И Тихонов только сейчас заметил, что она изнемогает от усталости. Под глазами у нее темнели землистые пятна, и она невероятными усилиями боролась со сном.
— А вы разве
— Сейчас да. Но в Чите я была всего лишь от поезда до поезда. Мне в отделе кадров вручили предписание и приказали выехать немедленно к вам, не разрешили даже выспаться…

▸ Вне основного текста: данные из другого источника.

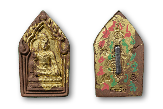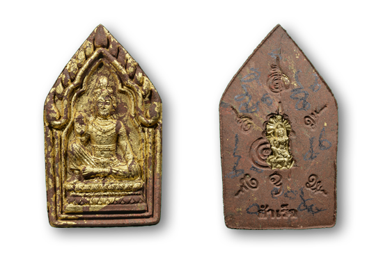 หน้า เนื้อมังคุดปิดทองในพิมพ์ หลัง ฝังปรกสุริยันเนื้อสัมฤทธิ์ สร้าง  8  องค์
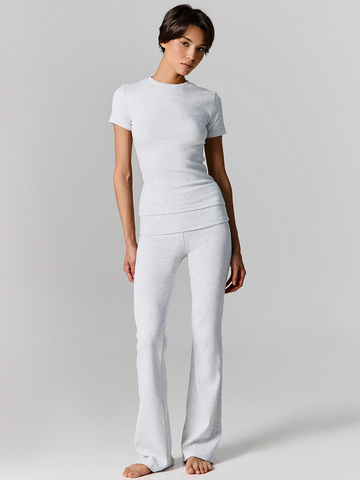 Комплект состоит из джемпера и брюк. Джемпер прилегающего силуэта. Горловина круглой формы обработана обтачкой из основного полотна, шов втачивания обтачки по спинке закрыт бейкой из основного полотна. Рукава втачные короткие. Нижний срез джемпера и рукавов обработан швом вподгибку. Брюки клеш, посадка средняя. Пояс отрезной широкий с отворотом. По шву втачивания отворота в припуск вставлена эластичная тесьма 6мм (жилка тканая WT4-6 Arteks  E7112). Нижний срез брюк обработан швом вподгибку.
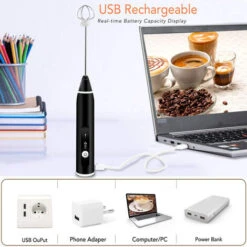 Rechargeable Electric Milk Frother With For Coffee, Matcha, Latte Cappuccino, Hot Chocolate

«Чинуши там, в вашем отделе кадров», — с яростью подумал Тихонов и взглянул на девушку с нежностью.
— А вообще-то я еду из Казани. Вначале я направилась в Москву, в Главсанупр, а оттуда меня направили на восток. Я, конечно, хотела на запад, но приказ есть приказ, — сдержанно улыбнулась Тарасенко. — Тут даже не помогли папины связи. Он профессор казанского медицинского института, и в Москве у него много друзей и учеников, — пояснила она, поймав вопросительный взгляд капитана.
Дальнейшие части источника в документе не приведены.